Amur Minerals Corp. , looking for nickel and copper in Russia’s Far East, said on Monday its valuation had risen 43 percent after a survey of its main deposit by independent firm SRK Consulting.
The London-listed company said SRK’s “in the ground” valuation of the company was $90-110 million, versus $60-80 million when the firm was admitted to London’s Alternative Investment Market in March.
Amur Minerals said in a statement the valuation was based on a nickel price of $5.80 per lb and a copper price of $1.40 per lb.
“There is significant potential to increase resources in the areas we have drilled and other vast areas where our information is still limited,” Amur Minerals CEO Robin Young said.
The company said its overall resource had increased to 53.3 million tonnes with an average nickel grade of 0.48 percent and copper grade of 0.14 percent. This represented 254,500 tonnes of nickel and 73,000 tonnes of copper, the company said.
Amur Minerals is the sole owner of the Kun-Manie licence in the Amur region of eastern Russia.
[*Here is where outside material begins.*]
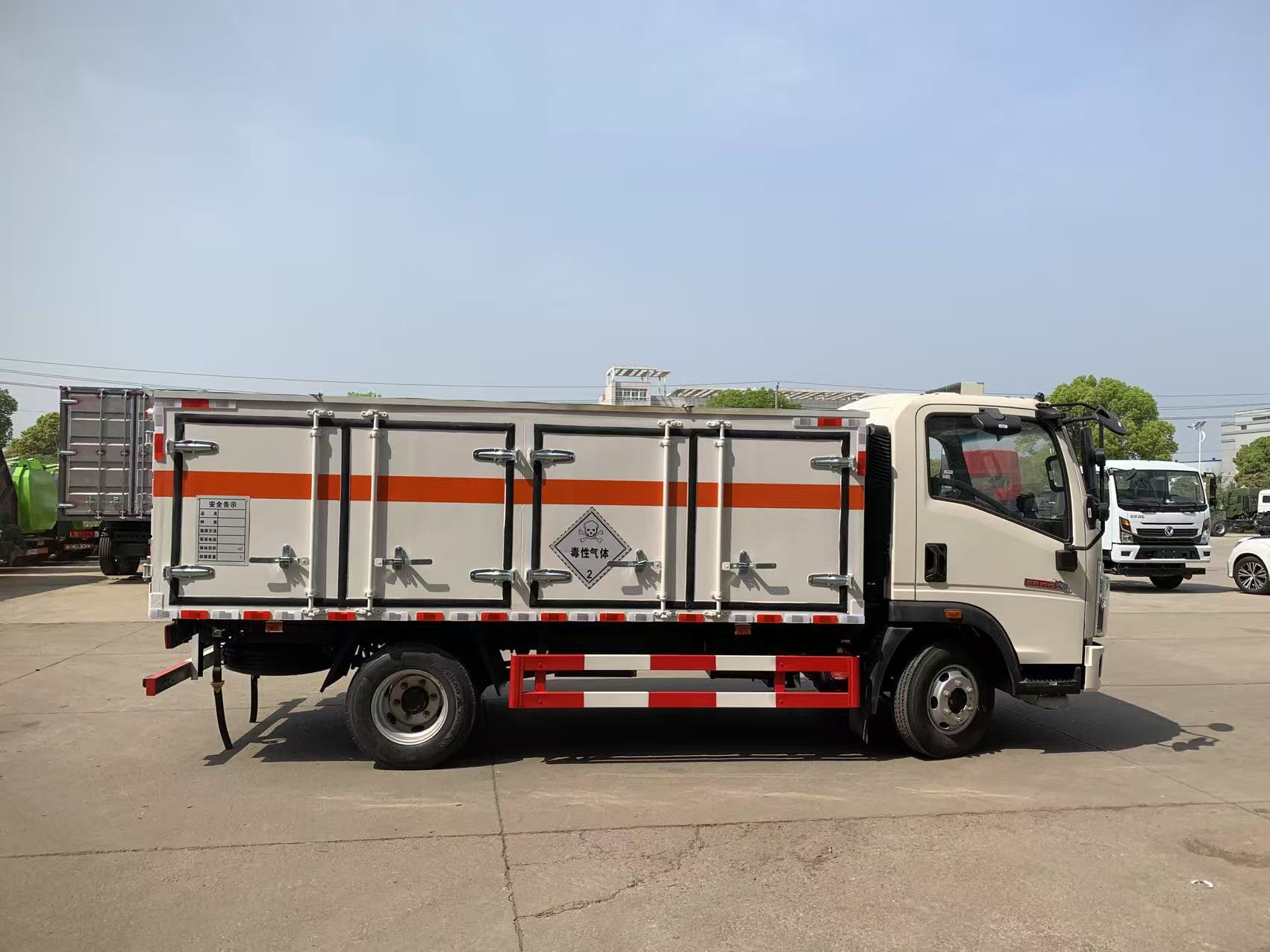 重汽豪沃國六毒性氣體廂式運輸車運輸的主要以液氯、液氨鋼瓶為主,所以箱體做的是頂部開啟樣式,不用擔心鋼瓶太重不好吊裝的問題,重汽豪沃的車型全部為您設計想到。

At the time of the company’s IPO, the deposit’s Vodorazdelny and Ikenskoye zones held 209,000 tonnes of nickel and 58,500 tonnes of copper.
Since then, Amur has added two zones, Maly Krumkon and Falcon, and acquired rights to a separate deposit, Anadjakan, in Khabarovsk region. The company said the addition of Maly Krumkon and increased confidence in resource statements were the main reasons for the higher valuation.
Nickel , which adds strength and sheen to stainless steel, has doubled in value in the last 12 months. Copper is trading about 25 percent higher than a year ago.
Young told Reuters in October mining at Kun-Manie could potentially begin in 2010 but that 2012 was a more realistic target. The deposit also contains some palladium and platinum.
Kun-Manie is located 700 km (435 miles) north of Blagoveshchensk, the capital of the Amur region and the only Russian city sharing a border with China. It was first mapped by Soviet geologists in the 1950s and Canadian miner Falconbridge Ltd. conducted a review between 1999 and 2002.
Amur, incorporated in the British Virgin Islands, acquired a five-year exploration licence for Kun-Manie in 2004. The Anadjakan licence, acquired last year, is also valid for five years.